Many here have quoted as presumption a priori that the situation implies an inelastic collision, but it wasn't immediately obvious to me that this must be so.
Solving the simultaneous equations got very messy very quickly, so I plotted the equations for a theoretical mass of unit one and velocity=2 colliding with a identical stationary mass in a single dimension (perhaps carriages on a rail, or perfectly straight collision of billiard balls). The plots show the results, post collision, for the velocities of mass 1 ( x axis) and mass 2 (y axis), under conservation of momentum and conservation of kinetic energy.
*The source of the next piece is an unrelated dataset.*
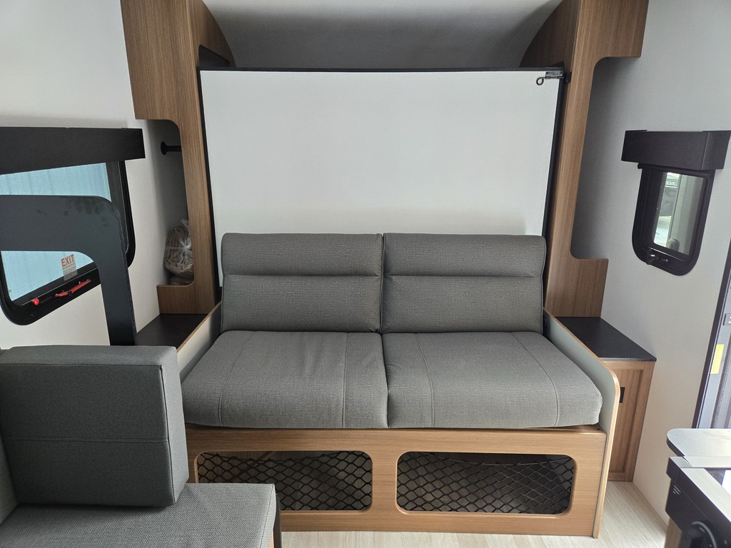 Belle petite roulotte de 15 pieds de plancher, idéale pour un couple. Avec son style original et unique vous ferez des jaloux assurément. Néons extérieurs LED de couleurs verts sur les murs latéraux ainsi que sur le devant, et derrière des néons rouges, vous ne passerez pas inaperçue. Hauteur 10 pieds 5 pouces. Taille des pneus ST235/75R15D tout terrain. Nombre de réservoirs de propane 2. Toilette allongée en porcelaine à chasse d'eau au pied. Pommeau de douche Oxygenics Fury amélioré et de plus grande circonférence que les modèles régulièrement installés. Chauffe-eau Suburban sans réservoir de 42 000 BTU vous procurant de l'eau chaude sur demande et la possibilité d'augmenter ou de réduire la température de votre eau chaude.. Éclairage bande LED intérieur avec interrupteur gradateur. Foyer électrique, store opaque noir. FINANCEMENT DISPONIBLE SUR PLACE ET POSSIBILITÉ D'ACHAT D'UNE GARANTIE PROLONGÉE.

The only possible solutions must satisfy both, thus we examine the intersections:

There are as expected two solutions, one impossible, in which mass 1 essentially passes through mass 2 unimpeded, with no effect on mass 1 (velocity mass 1 = 2, velocity mass 2 =0), and the other (and only feasible solution) with mass 1 stopping and imparting its full momentum to mass 2, which now moves away with velocity 2 (think of the white cue ball stopping dead when hitting another ball full on).
Now, if we consider the case with mass 2 twice that of mass 1:

We see the feasible solution is that in which the lighter mass 1 rebounds off heavier mass 2 (mass 1 velocity ~ -0.65, mass 2 forward at ~ 1.3). Clearly, any case in which mass 1 is lighter will see it rebounding to some degree, and mass 2 being propelled forward. So there is no possibility for $m1 < m2$ in which they can merge with the same velocity.
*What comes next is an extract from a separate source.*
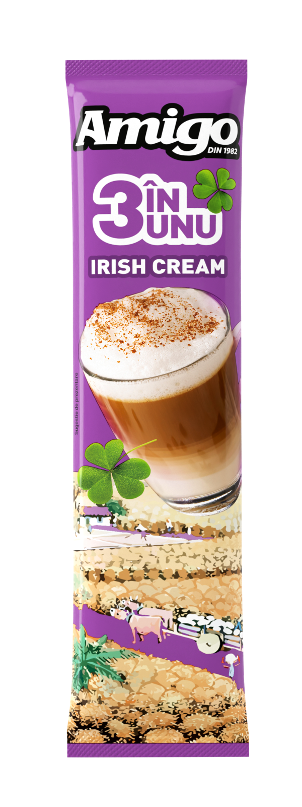 Răsfață-te cu o ceașcă de AMIGO 3in1 Irish Cream și experimentează gustul distinctiv al Irish Cream într-o cafea instant ușor de preparat!
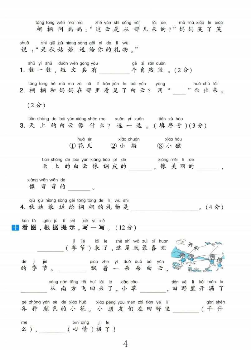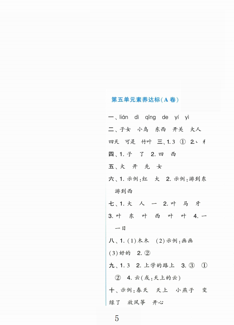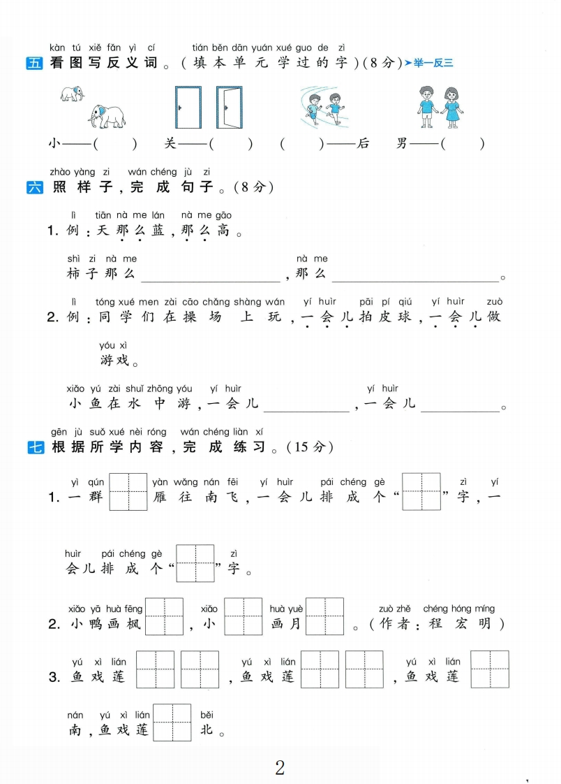 2025人教版一年级语文上册第五单元测试卷第五单元测试卷器时间:0分钟满分:100分yongei jia dian zi xuan ze zheng que de du yina用“√”给加点字选择正确的读音。(6分)yet拉wa密莲叶(Iidnnian)土地(dìde青蛙(qingginkai xinxiàogequn开心地笑(dide)封:个(Myi):群(y1yi)额du pin yinxiěcfyi日读拼音,写词语(16分)线zinǚxiǎoniaodongxkai guan内darensitiankěshi童zhúye不要tian yi tianxuan yi xuan目填一填,选一选。(8分)》答mǎgongbr必bi de ming cheng shi1.“马”共笔,第2笔的名称是(①shù家题tian xu haozhézhégou②héngzhéwan gou)(填序号)。X灯de dibr shiqiu zi de pian pang shi2.“西”的第5笔是,“秋”字的偏旁是br yi bi xuan yi xuan hua四比一比,选一选,画“V”。(8分)》yi pian pian yelezi cong shùshang luolexiàl6i☒1.一片片叶(了子)从树上落(了子)下来。di I you xisi ge yuan yuan de xigua2.地里有(西四)个圆圆的(西四)瓜。1

Looking at the opposite case, with $m1 > m2$, in this case mass 1 double that of mass 2:

We now see mass 1 retaining positive momentum (velocity ~0.65) and mass 2 shooting off rapidly (velocity ~2.7). From this, we can deduce that for any $m1 > m2$, m2 will achieve velocity >2, and the original mass 1, having imparted some momentum to mass2, will retain velocity within bounds #0< v2 < 2$. Again, there is no solution of any two masses satisfying conservation of both momentum and energy which allows the two masses to do anything other than "bounce off" each other two some degree - which is I suppose what you might infer from an elastic collision!
I haven't investigated this further, but I see no reason to suspect the result would not generalise to elastic collisions in which both masses are moving, or to two or three dimensions.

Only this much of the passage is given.